While some of our training data includes personal information that is available on the public internet, we want our models to learn about the world, not private individuals. So we work to remove personal information from the training dataset where feasible, fine-tune models to reject requests for personal information of private individuals, and respond to requests from individuals to delete their personal information from our systems. These steps minimize the possibility that our models might generate responses that include the personal information of private individuals.
Improving factual accuracy
Today’s large language models predict the next series of words based on patterns they have previously seen, including the text input the user provides. In some cases, the next most likely words may not be factually accurate.
Improving factual accuracy is a significant focus for OpenAI and many other AI developers, and we’re making progress. By leveraging user feedback on ChatGPT outputs that were flagged as incorrect as a main source of data—we have improved the factual accuracy of GPT-4. GPT-4 is 40% more likely to produce factual content than GPT-3.5.
When users sign up to use the tool, we strive to be as transparent as possible that ChatGPT may not always be accurate. However, we recognize that there is much more work to do to further reduce the likelihood of hallucinations and to educate the public on the current limitations of these AI tools.
Continued research and engagement
We believe that a practical approach to solving AI safety concerns is to dedicate more time and resources to researching effective mitigations and alignment techniques and testing them against real-world abuse.
Importantly, we also believe that improving AI safety and capabilities should go hand in hand. Our best safety work to date has come from working with our most capable models because they are better at following users’ instructions and easier to steer or “guide.”

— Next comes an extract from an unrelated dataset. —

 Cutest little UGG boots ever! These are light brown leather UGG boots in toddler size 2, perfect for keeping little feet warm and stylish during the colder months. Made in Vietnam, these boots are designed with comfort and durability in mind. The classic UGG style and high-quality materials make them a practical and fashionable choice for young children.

We will be increasingly cautious with the creation and deployment of more capable models, and will continue to enhance safety precautions as our AI systems evolve.

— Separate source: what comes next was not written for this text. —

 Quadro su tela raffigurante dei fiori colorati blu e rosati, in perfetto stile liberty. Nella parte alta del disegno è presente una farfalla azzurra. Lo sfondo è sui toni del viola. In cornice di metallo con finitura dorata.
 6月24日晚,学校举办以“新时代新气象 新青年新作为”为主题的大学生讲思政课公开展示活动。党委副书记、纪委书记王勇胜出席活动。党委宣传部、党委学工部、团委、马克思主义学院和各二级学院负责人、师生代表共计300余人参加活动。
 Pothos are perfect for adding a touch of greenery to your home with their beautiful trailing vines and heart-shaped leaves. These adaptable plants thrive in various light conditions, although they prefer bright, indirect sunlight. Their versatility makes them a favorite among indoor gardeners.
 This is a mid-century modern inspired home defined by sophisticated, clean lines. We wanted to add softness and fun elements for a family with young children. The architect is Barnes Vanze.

While we waited over 6 months to deploy GPT-4 in order to better understand its capabilities, benefits, and risks, it may sometimes be necessary to take longer than that to improve AI systems’ safety. Therefore, policymakers and AI providers will need to ensure that AI development and deployment is governed effectively at a global scale, so no one cuts corners to get ahead. This is a daunting challenge requiring both technical and institutional innovation, but it’s one that we are eager to contribute to.
Addressing safety issues also requires extensive debate, experimentation, and engagement, including on the bounds of AI system behavior. We have and will continue to foster collaboration and open dialogue among stakeholders to create a safe AI ecosystem.